As catástrofes naturais são difíceis de evitar. Mas, mesmo assim, temos avançado na mitigação de seus danos. A Ciência se empenha em encontrar soluções até mesmo para ciclones e furacões, como mostra um satélite que será lançado no ano que vem, capaz de estudar o regime de ventos da estratosfera, observados desde meados do século passado e que, estranhamente, agora parecem ter mudado o curso.

Mas há um tipo de catástrofe que parece não ter solução, advinda das limitações do nosso cérebro primata, que se manifesta negativamente, em todo o seu vigor, no que Umberto Eco chamou de “imbecis”. Não falo de imbecis como eu, que tateio em dúvida, pela vida. Falo dos imbecis que têm certeza. Os fanáticos.

Não quero incluir aí os religiosos, pois eles se sustentam na fé e a fé é a eliminação da dúvida. Falo dos fanáticos, à esquerda e à direita do embate político, que acreditam que os fins justificam os meios, dispostos a adulterar os fatos, tendo como norte apenas as suas crenças, que pretendem racionais. Difícil calcular quantos seriam.

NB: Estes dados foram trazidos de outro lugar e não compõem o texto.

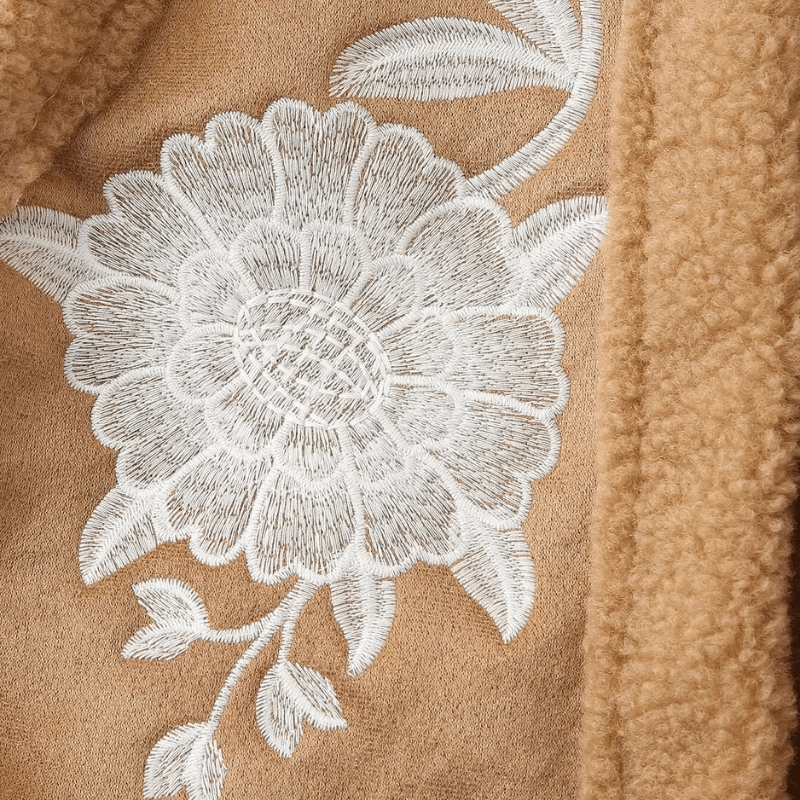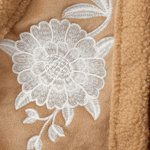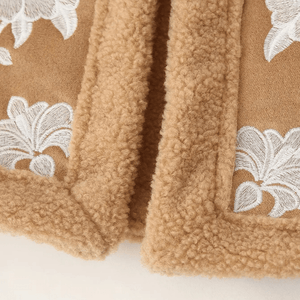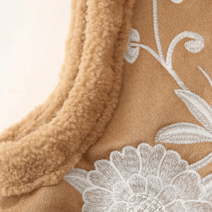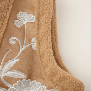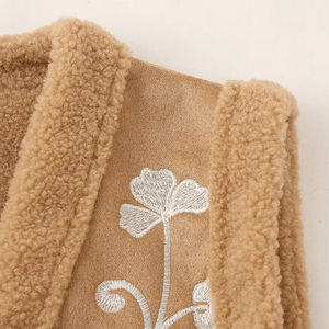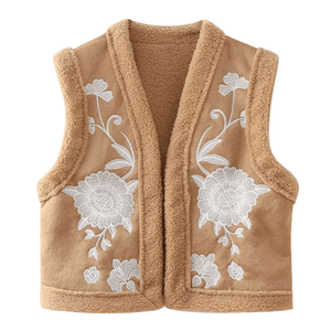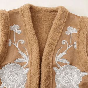 Omslut dig med både värme och elegans i vår beige teddyväst, dekorerad med vita broderier som fångar blicken och ger din outfit en unik western-touch. Perfekt för kyliga dagar när du vill känna dig både avslappnad och stilfull.

Uma pista surge a partir do que estou chamando de Constante LG. Isso surgiu depois de a candidata a prefeita de Porto Alegre, Luciana Genro, ter dito que na Coréia do Norte as pessoas estão tão contentes com o socialismo que votaram, em recente “eleição” realizada no país, 100%, pela continuidade do comandante Kim, da Dinastia Kim que governa a pobre população há três gerações, com mão de ferro.

Como é difícil alguém dizer uma imbecilidade que supere essa afirmação e a Luciana tem 17% da intenção de voto, pensei que, se somássemos esse percentual ao dos eleitores de Bolsonaro, o correspondente à LG à direita, teríamos o que denominei, em homenagem à musa inspiradora, de Constante LG, ou seja, a percentagem de imbecis em uma determinada sociedade, que, com a soma, seria algo em torno de 30%.

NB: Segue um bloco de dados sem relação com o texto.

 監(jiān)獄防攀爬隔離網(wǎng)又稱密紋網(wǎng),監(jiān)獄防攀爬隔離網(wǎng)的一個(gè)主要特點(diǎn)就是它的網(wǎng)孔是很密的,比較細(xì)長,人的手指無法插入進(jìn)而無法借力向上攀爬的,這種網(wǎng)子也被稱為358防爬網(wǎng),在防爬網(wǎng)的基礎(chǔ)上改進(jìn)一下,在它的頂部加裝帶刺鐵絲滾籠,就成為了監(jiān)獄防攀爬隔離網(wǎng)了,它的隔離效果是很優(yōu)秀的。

Sei que o método não é muito rigoroso, sob o ponto de vista científico, mas é um ponto de partida, que me parece bastante razoável, em seus fundamentos. Ainda mais se considerarmos a letalidade dessa minoria.

Sem dúvida o volume de sofrimento desnecessário que impuseram à humanidade deve superar, em muito, principalmente nos tempos mais recentes, as danosas catástrofes naturais. Sua letalidade vem do seu poder de influenciar o conjunto da sociedade, como aconteceu na Alemanha Nazista. Deveríamos empregar igual esforço que a Ciência dedica aos fenômenos atmosféricos na prevenção da propagação dessa verdadeira praga.

Acredito que o antídoto principal seria universalizar a importância da dúvida, ensinando que não se deve acreditar muito no que se acredita. Seja como for, algo precisa ser feito. Aliás, já deveria ter sido. Talvez até seja tarde demais. Em novembro teremos o resultado das eleições americanas. Não dá sequer para imaginar o que irá acontecer se o Trump for o vencedor.